According to Table 3, the proposed method combines the TF-IDF method and TR method to obtain the average score of each essay. It has the best accuracy, recall rate, and F1-score. Its F1-score of 80% is much higher than the other two methods, and its average accuracy is over 80%, while that of the other two methods is less than 70%. Among them, the precision, recall rate, and F1-score of the TR + kNN method are below 70%, while the F1-score value of the TF-IDF + kNN method is 65%, the recall rate is 63%, and the precision is 68%, which are lower than the other two methods. Therefore, the effect of the algorithm model proposed is obviously better than that of the mainstream algorithms.
4. Conclusion
In this work, it establishes an intelligent scoring system for English composition under the background of modern information technology. The NNM model is constructed by using MLP technology combined with the LDA algorithm, and three semantic representation vector technologies are used to represent the full-text vocabulary of English composition. Then, the English composition evaluation model based on the kNN algorithm and the final composition scoring model based on XGBoost are proposed. Finally, 800 English compositions are randomly selected from the four-level examination training compositions in colleges and universities, and the established English composition data set is used for training and testing. Finally, the comparative test results between the method used in this work and the traditional method are obtained. The final practical application results reveal that the results of the English composition intelligent scoring system based on machine learning proposed show the smallest mean square error and the highest accuracy and the highest F-score score compared with the artificial teacher's scoring results. Therefore, the model constructed shows the best performance.

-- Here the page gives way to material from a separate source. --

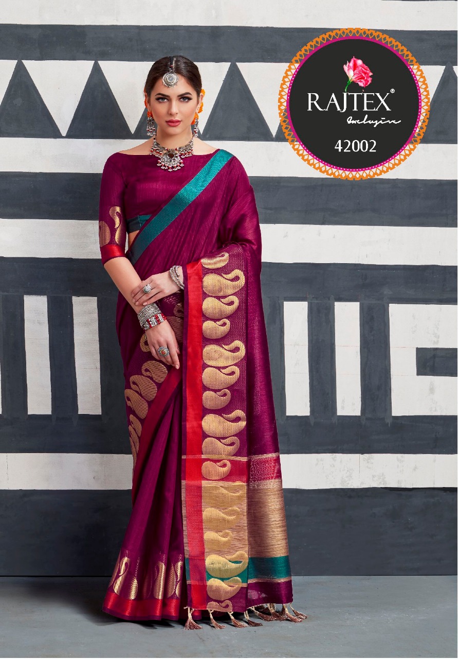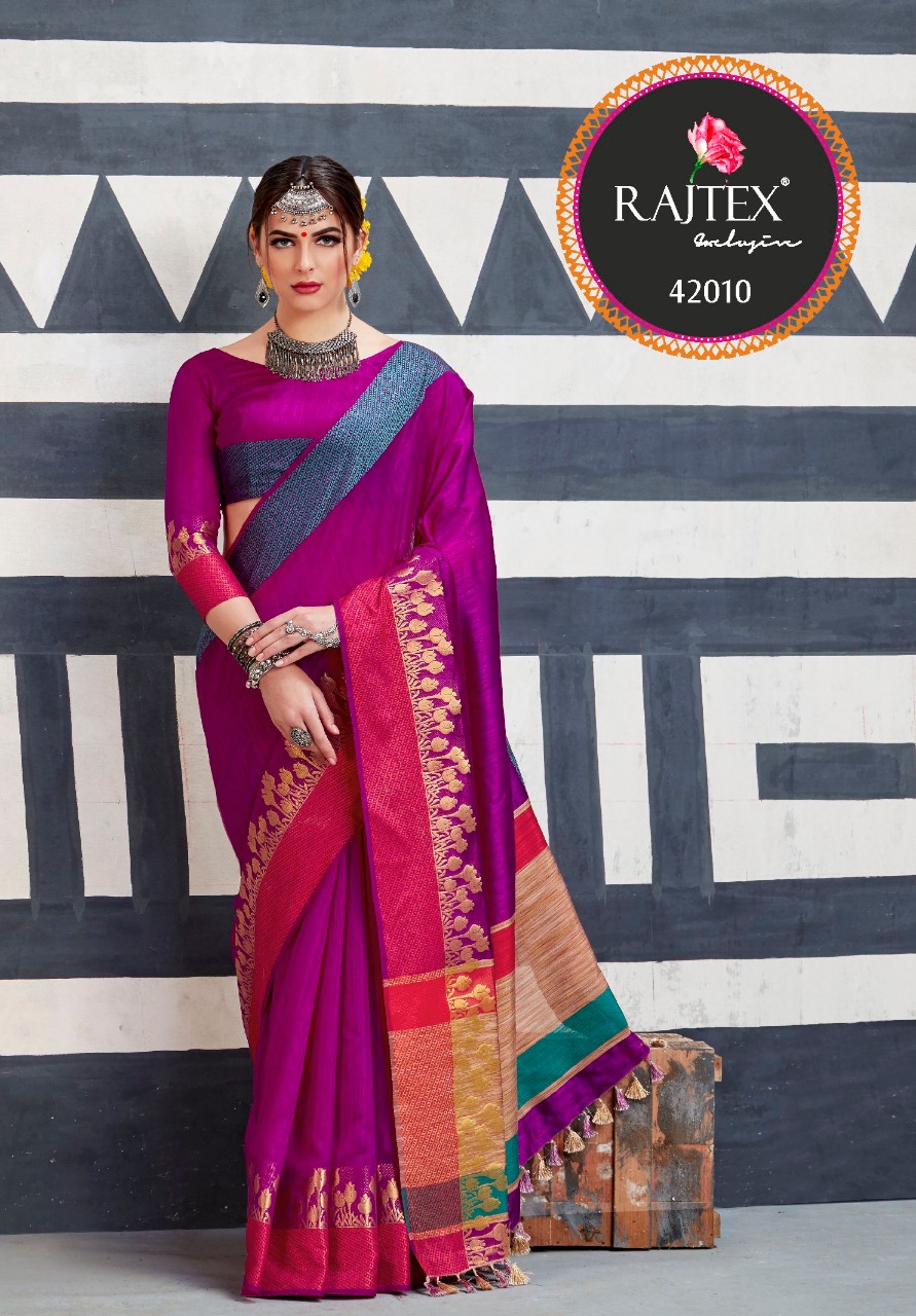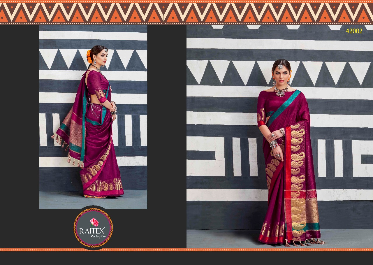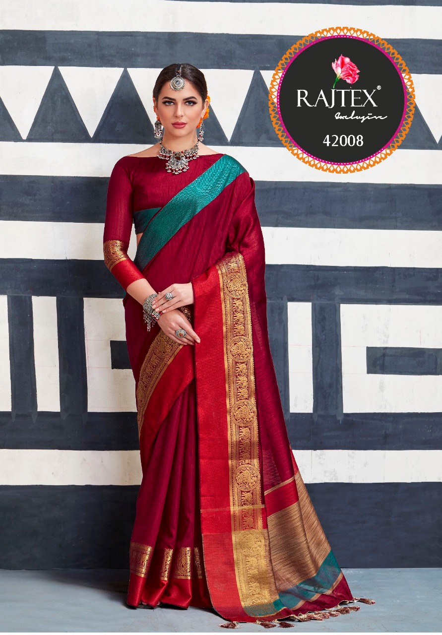 Buy Online Rajtex Kaleera Silk 42001 Series Naylon Silk Saree 10 Pcs of Full Catalogue at Wholesale Price. Looking for Rajtex Kaleera Silk 42001 Series Naylon Silk Saree Full Catalouge at Best Price? Buy Now Rajtex Kaleera Silk 42001 Series Naylon Silk Saree at Wholesale Rate of Rs 11500 with Total 10 Pcs from authroized dealer and supplier of RAJTEX Brand. Cost of Each piece is just only Rs 1150 which is very low and affordable price to resale the product in your retail store ,This is Surat based Wholesale Supplier & Dealer of RAJTEX Brand. Click on Brand name to Know more about RAJTEX Brand's products.Call or Whatsapp on 9898838984 for booking or enquiry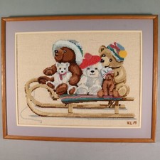 Vintage Needlepoint Needle Work Sledding Teddy Bears Hand Made Framed 23X18

Although it has basically achieved the original expected research goals, the research work still has the following shortcomings due to my limited academic quality. Firstly, it only analyzes the composition for the CET-4 test in colleges and universities. In the future, it will collect the composition data of primary and secondary schools and build an intelligent English composition scoring system suitable for various teaching tasks. Secondly, only a few college students' English compositions are collected. In the future, the scale of the data set will be further expanded, data collection will be carried out on the English compositions of college students of different levels, and the number of training sessions will be increased, so as to obtain better training effects.
Data Availability
The data used to support the findings of this study are included within the article.
Conflicts of Interest
The authors declare no conflicts of interest.